The accuracy of her projections drenched him with desperation. “Whatever I thought or planned, everything changed from that first night. That first hour.”
A faraway look came into her eyes, as if she was looking back into that time. “It was no coincidence that you were there that night. I felt your presence for weeks before that.” His choking silence corroborated her assumption. “You were studying me, like a hunter would his prey, finding out my habits, my haunts, to use this knowledge and my obliviousness to get to me. Once you made ‘accidental’ contact, you used the data you gathered to manipulate me into entering your trap willingly, even eagerly. As I did.”

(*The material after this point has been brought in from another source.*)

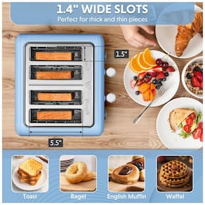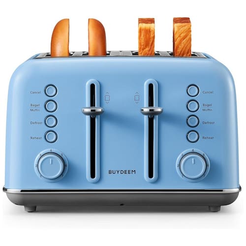 Seja um especialista em bagels e muffins com a torradeira BUYDEEM DT640! Com sua função exclusiva de tostagem de bagels, aquece ambos os lados inicialmente e depois tosta apenas o lado cortado, garantindo um bagel crocante. Possui 4 slots extra largos de 3,5 cm com guias auto-centralizadoras, ideais para diferentes tipos de pães. Com 7 opções de tostagem, atendendo a todas as suas necessidades diárias. Conta com 2 painéis de controle independentes para 4 fatias, permitindo escolher diferentes níveis de tostagem ao mesmo tempo. Além disso, seu design compacto e retrô economiza espaço na sua cozinha. Adquira já a sua e desfrute de um café da manhã perfeito!
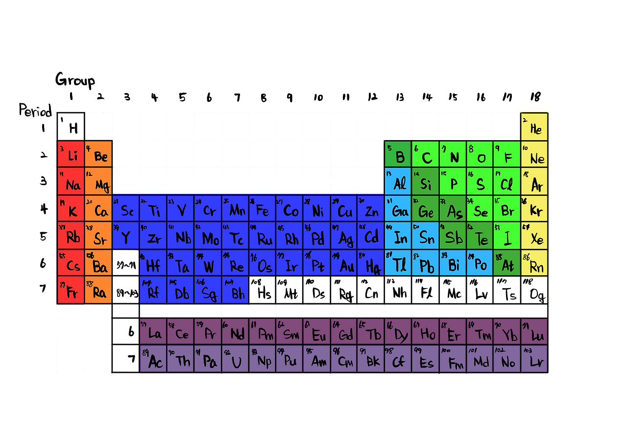 1,2 족은 s오비탈이, 3~12족은 d오비탈이, 13~18족은 p오비탈이 57~70번 원자와 90~102번 원자는 f오비탈이 가장 마지막 전자가 존재하는 오비탈(가장 바깥쪽 오비탈)이 된다. 이에 따라 원자의 특성도 달라진다. 수소를 제외한 1족은 알칼리 금속, 2족은 알칼리 토금속, 3~12족(4~7주기)은 전이금속, 18족은 비활성 기체, 4f오비탈을 채우는 57~71번 원자까지를 란타넘족, 5f 오비탈을 채우는 89~103번 원자까지를 악티늄족으로 분류한다. p 오비탈의 경우, 전이후 금속, 준금속, 비금속으로 분류된다. 이는 주기율표에서 보통 색으로 표기하는 경우가 많다.

Hot needles invaded his heart. “That was true, until you were attacked. Everything changed from then on. Everything.”
“You mean the attack you planned? The rescue you enacted?”
He almost doubled over with her accusation.
This was beyond his worst fears. That she’d think...think...
Her next words had protests recoiling in his chest, hacking into it. “The ironic thing is, you didn’t need to set me up. If you, of all people, had offered me a marriage of convenience, I would have jumped at the opportunity. That was how much I wanted you. I would have agreed to your cold deal and dreamed of one day melting your heart, of making you see me as more than a means to your end. I would have probably realized the mistake I had made sooner rather than later, but you would have gotten what you wanted by then. Just think about it—the truth would have served your purpose far better than this charade.”